Venir en aide

Hermione Granger, treize ans, bientôt quatorze, avait mis près de deux ans pour mettre son plan au point. Deux années où elle avait été convaincue de l'absurdité du monde sorcier qu'elle avait intégré à ses onze ans. Ou plutôt, du côté britannique du monde sorcier. Le fait que Dumbledore dirige leurs pensées les plus intimes depuis qu'il a soi-disant vaincu Grindelwald ne devait pas y être étranger …

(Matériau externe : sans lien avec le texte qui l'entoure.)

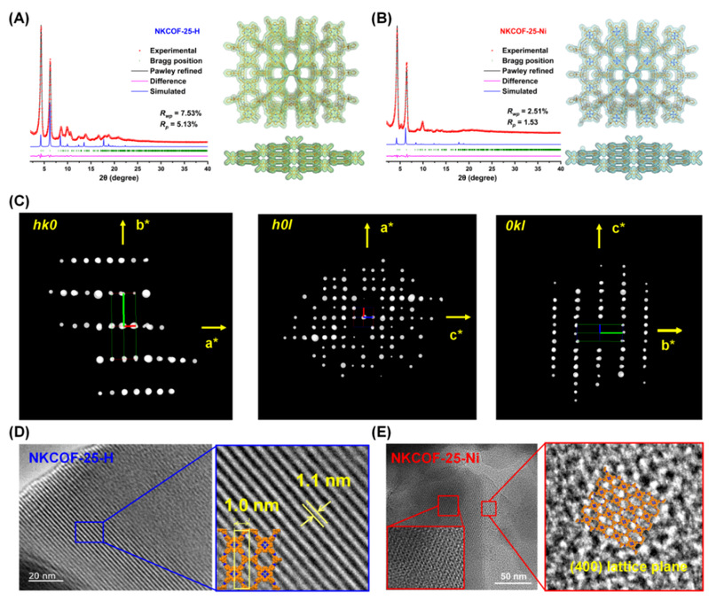 图2:(A, B) NKCOF-25-X的PXRD谱图以及结构图示;(C) NKCOF-25-H的三维电子衍射数据;(D, E) NKCOFs的HRTEM图像
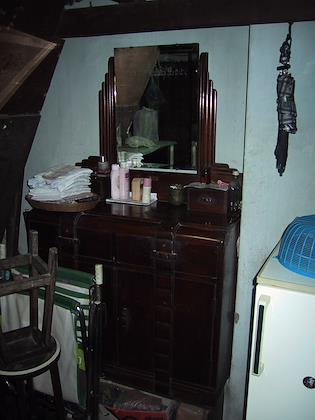 | This is the apartment of a friend of Tutu, my guide. The barrel of water in the back is for bathing--you stand in the concrete basin on the left, and pour water over you from the barrel. | | An old art deco style chest of drawers, probably worth lots. |
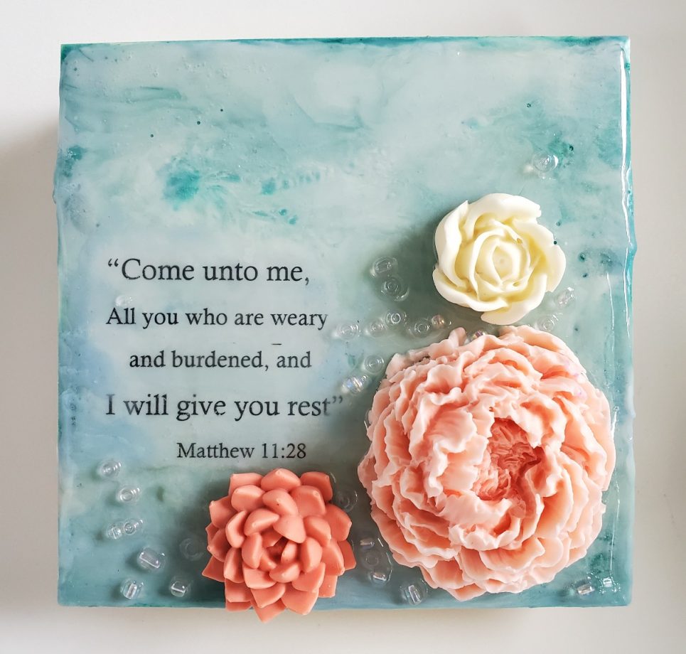 5.5″ x 5.5″ Encaustic with mixed media and resin on wood board
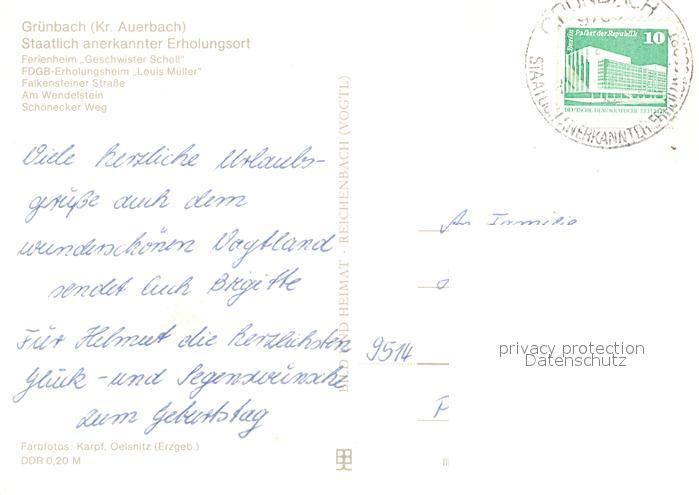 73124132 alte Postkarte Gruenbach Auerbach Erzgebirge Ferienheime Geschwinster Scholl Louis Mueller Falkensteiner-Strasse Wendelstein Schoenecker-Weg postalisch gelaufen Erhaltung siehe scans [LiesaD40] KatCode: 11110014188020
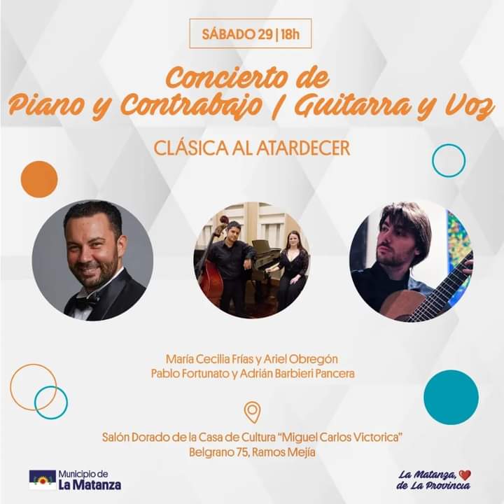 El Ciclo Clásica al Atardecer de la Secretaría de Cultura y Educación presentará Concierto de Piano y Contrabajo, y Guitarra y Voz.

Les événements concernant la pierre philosophale l'avaient convaincu de se dépêcher. En effet, quand elle avait raconté son année à ses parents, son père, Malcom, qui avait son doctorat en psychologie, était persuadé que si d'autres aventures du même genre arrivaient à Harry les prochaines années, il ne serait pas surprenant qu'il devienne névrosé à l'âge adulte, au minimum, voire avant. Une collègue en médecine pédiatrique leur avait confirmé d'après une photo du jeune homme et de ses parents que sauf maladie de longue durée, elle ne serait pas étonnée que le jeune Harry Potter n'ait pas bénéficié des soins minimaux au sein de son foyer.

Quand Hermione retourna à Poudlard pour sa deuxième année, elle fut donc chargée d'une mission difficile mais d'une importance capitale : faire parler Harry sur ce qu'il vivait chez sa tante et son oncle. Ce ne fut pas facile – surtout avec Ron qui collait le brun comme un pot de colle – mais un soir, alors que quelques jours plus tôt, toute l'école avait découvert qu'il était fourchelang, il avait craqué. La brune n'était pas fière mais elle avait enregistré les confidences de son ami sans qu'il ne le sache et avait envoyé le magnétophone et une copie de la cassette à ses parents dès le lendemain matin.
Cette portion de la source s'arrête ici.